→ Data section:
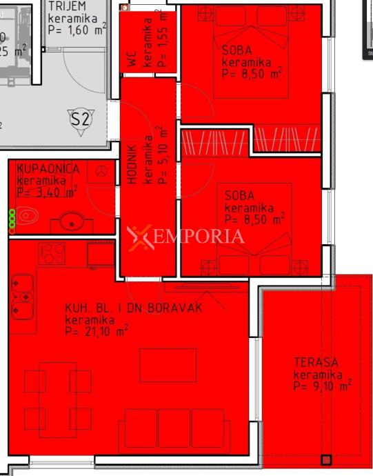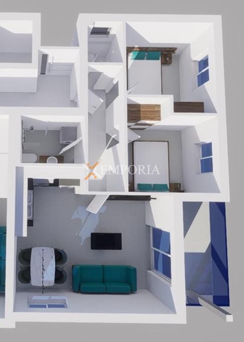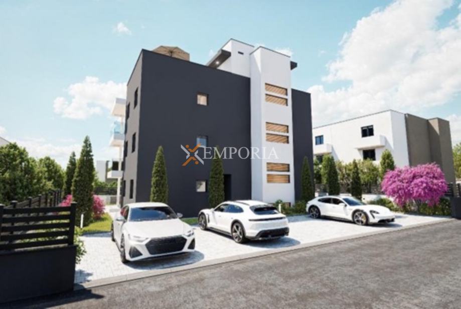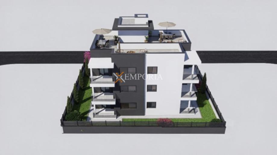 Apartman se nalazi u prizemlju moderne zgrade s liftom. Raspored prostorija čine hodnik, dvije spavaće sobe, kupaonica, kuhinja s blagovaonicom i dnevnim boravkom te natkrivena terasa. Neto korisna površina stambenog dijela iznosi 52,70 m². Stanu dodatno pripada vrt površine 68 m² te popločano dvorište od 20 m², što ukupno čini 88 m² vanjskog prostora. U podrumu zgrade nalazi se spremište površine 5,90 m², odnosno neto 2,95 m², dok je osigurano i jedno parkirno mjesto. Ukupna neto površina apartmana s pripacima iznosi 69,20 m².OpremaU cijelom apartmanu ugrađeno je električno podno grijanje, a klimatizacija je riješena s tri klima uređaja u dnevnom boravku i spavaćim sobama. Zgrada je građena betonskim zidovima te ima aluminijsku stolariju s troslojnim staklom, električnim roletama i komarnicima. Fasada je toplinski izolirana stiroporom debljine 12 cm. Podovi su obloženi pločicama, ulazna vrata su protuprovalna i protupožarna, a krov je nov, ravan i betonski.
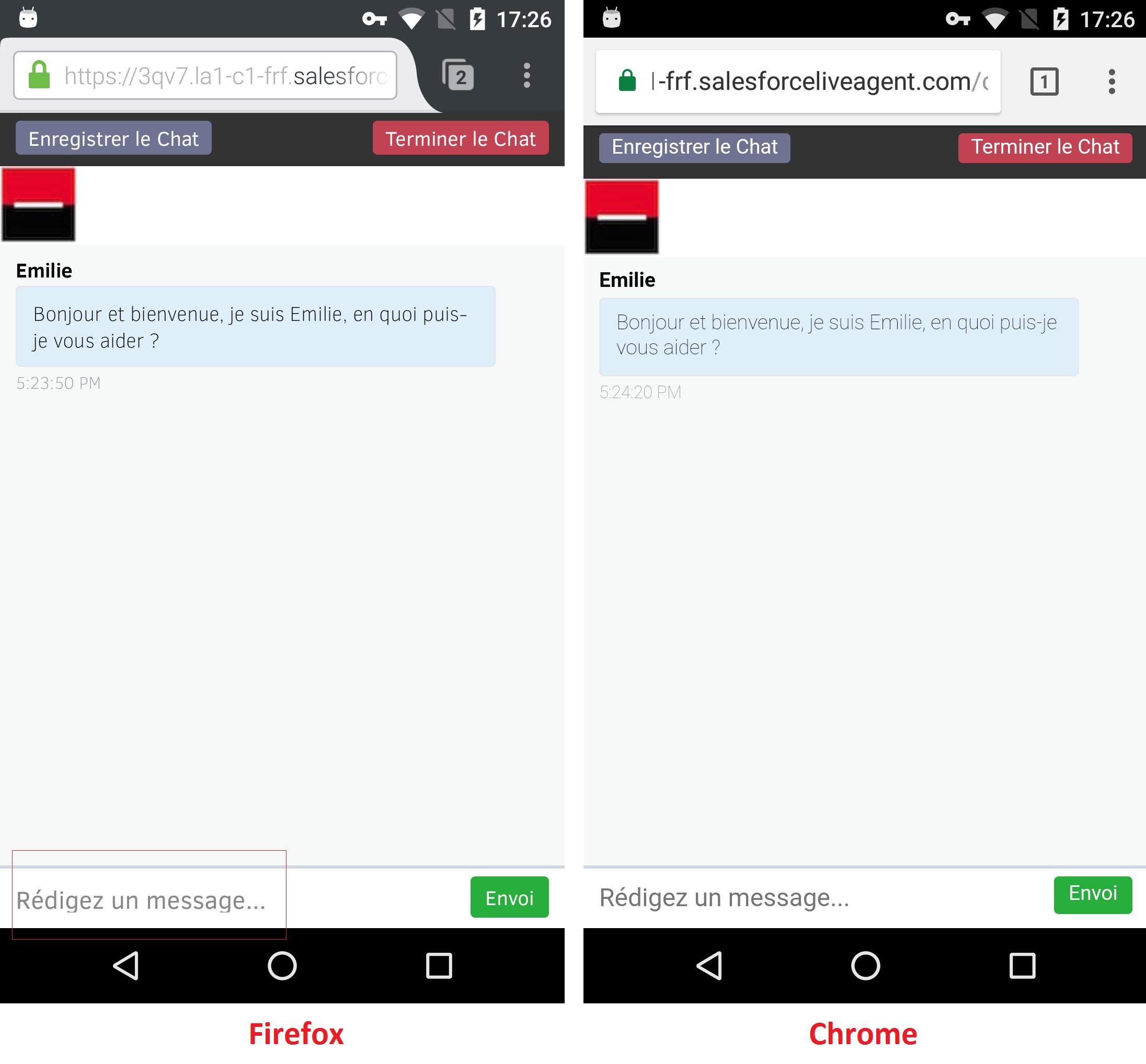URL: https://3qv7.la1-c1-frf.salesforceliveagent.com/content/s/chat?language=fr#deployment_id=57258000000040D&org_id=00D58000000OfKl&button_id=5735800000004Sj&session_id=8435f04e-685b-40db-835c-639a5cdbed35 Browser / Version: Firefox Mobile Nightly 55.0a1 (2017-05-19) Operating System: Nexus 5 (Android 6.0.1) - Resolution 1080 x 1920 pixels (~445 ppi pixel density) Problem type: Text is not visible Steps to Reproduce Navigate to: https://3qv7.la1-c1-frf.salesforceliveagent.com/content/s/chat?language=fr#deployment_id=57258000000040D&org_id=00D58000000OfKl&button_id=5735800000004Sj&session_id=8435f04e-685b-40db-835c-639a5cdbed35 Wait until “Chat” page is displayed. Observe “Redigez un message” (“Post a message”) hint text. Expected Behavior: The text is fully visible. Actual Behavior: The text is cropped. Note: Not reproducible on Chrome (Mobile) 58.0.3029.83. Screenshot attached. Watchers: @softvision-sergiulogigan @softvision-oana-arbuzov sv; country: fr From webcompat.com with ❤️ Please login to edit issues. View issue on Github Shortcut: Press l on your keyboard to open the label editor. Shortcut: Press g on your keyboard to be taken to the GitHub view of this page.
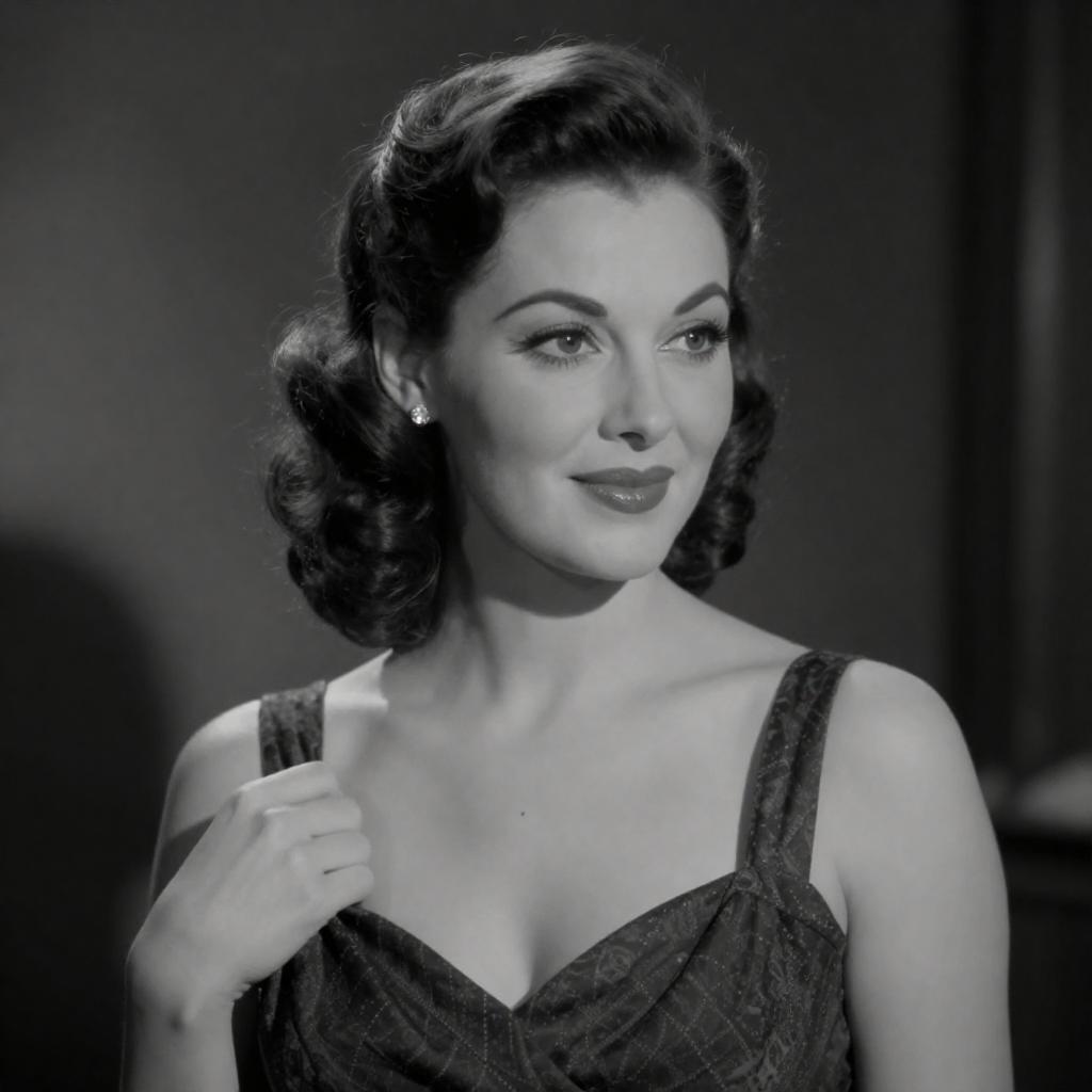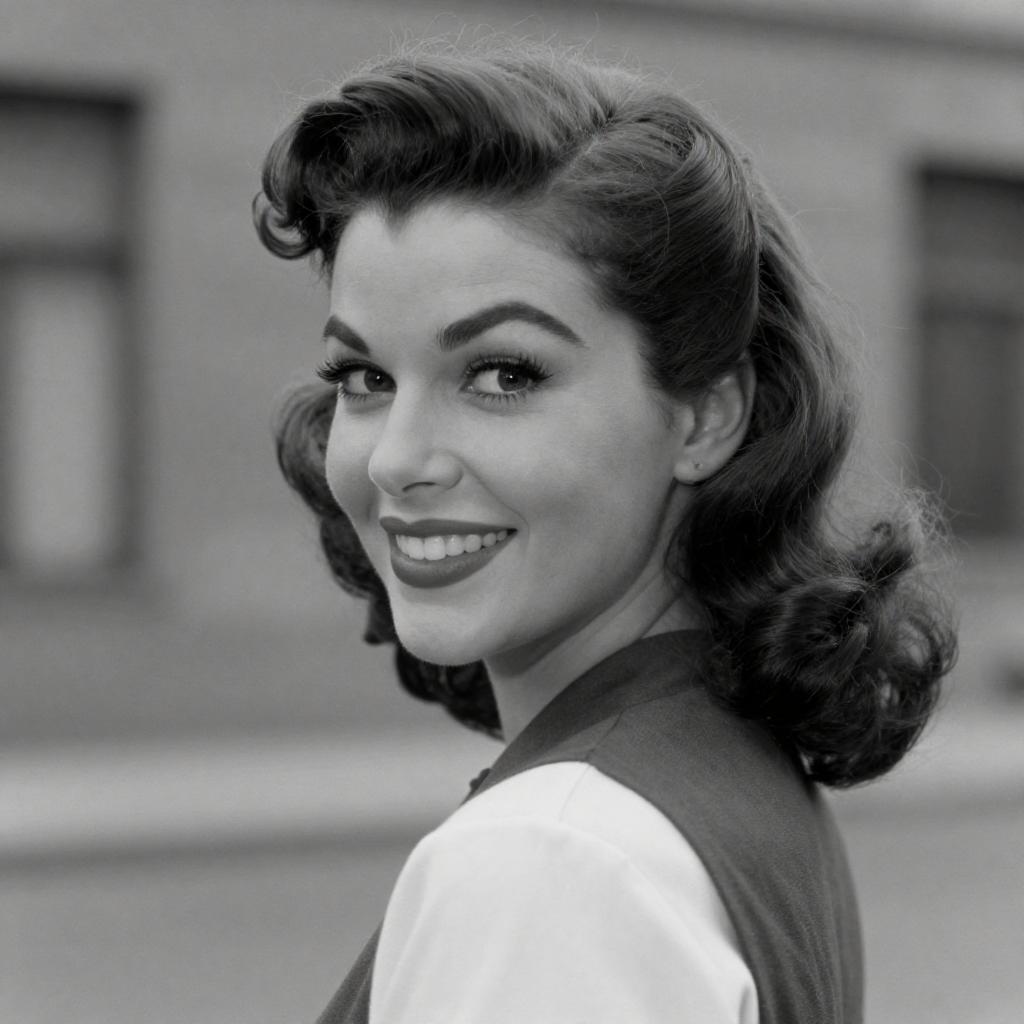 Black-and-white photograph of a smiling woman with wavy hair, wearing a fitted, light-colored jumpsuit with a lace-up front, and white heels. She leans against stacked wooden barrels, one arm raised, exuding a vintage, pin-up style. The barrels create a ured, rustic background.

→ What the task asks:
The job here is to retype the data exactly, with no pictures included.

→ The answer:
 Apartman se nalazi u prizemlju moderne zgrade s liftom. Raspored prostorija čine hodnik, dvije spavaće sobe, kupaonica, kuhinja s blagovaonicom i dnevnim boravkom te natkrivena terasa. Neto korisna površina stambenog dijela iznosi 52,70 m². Stanu dodatno pripada vrt površine 68 m² te popločano dvorište od 20 m², što ukupno čini 88 m² vanjskog prostora. U podrumu zgrade nalazi se spremište površine 5,90 m², odnosno neto 2,95 m², dok je osigurano i jedno parkirno mjesto. Ukupna neto površina apartmana s pripacima iznosi 69,20 m².OpremaU cijelom apartmanu ugrađeno je električno podno grijanje, a klimatizacija je riješena s tri klima uređaja u dnevnom boravku i spavaćim sobama. Zgrada je građena betonskim zidovima te ima aluminijsku stolariju s troslojnim staklom, električnim roletama i komarnicima. Fasada je toplinski izolirana stiroporom debljine 12 cm. Podovi su obloženi pločicama, ulazna vrata su protuprovalna i protupožarna, a krov je nov, ravan i betonski.
URL: https://3qv7.la1-c1-frf.salesforceliveagent.com/content/s/chat?language=fr#deployment_id=57258000000040D&org_id=00D58000000OfKl&button_id=5735800000004Sj&session_id=8435f04e-685b-40db-835c-639a5cdbed35 Browser / Version: Firefox Mobile Nightly 55.0a1 (2017-05-19) Operating System: Nexus 5 (Android 6.0.1) - Resolution 1080 x 1920 pixels (~445 ppi pixel density) Problem type: Text is not visible Steps to Reproduce Navigate to: https://3qv7.la1-c1-frf.salesforceliveagent.com/content/s/chat?language=fr#deployment_id=57258000000040D&org_id=00D58000000OfKl&button_id=5735800000004Sj&session_id=8435f04e-685b-40db-835c-639a5cdbed35 Wait until “Chat” page is displayed. Observe “Redigez un message” (“Post a message”) hint text. Expected Behavior: The text is fully visible. Actual Behavior: The text is cropped. Note: Not reproducible on Chrome (Mobile) 58.0.3029.83. Screenshot attached. Watchers: @softvision-sergiulogigan @softvision-oana-arbuzov sv; country: fr From webcompat.com with ❤️ Please login to edit issues. View issue on Github Shortcut: Press l on your keyboard to open the label editor. Shortcut: Press g on your keyboard to be taken to the GitHub view of this page.
 Black-and-white photograph of a smiling woman with wavy hair, wearing a fitted, light-colored jumpsuit with a lace-up front, and white heels. She leans against stacked wooden barrels, one arm raised, exuding a vintage, pin-up style. The barrels create a ured, rustic background.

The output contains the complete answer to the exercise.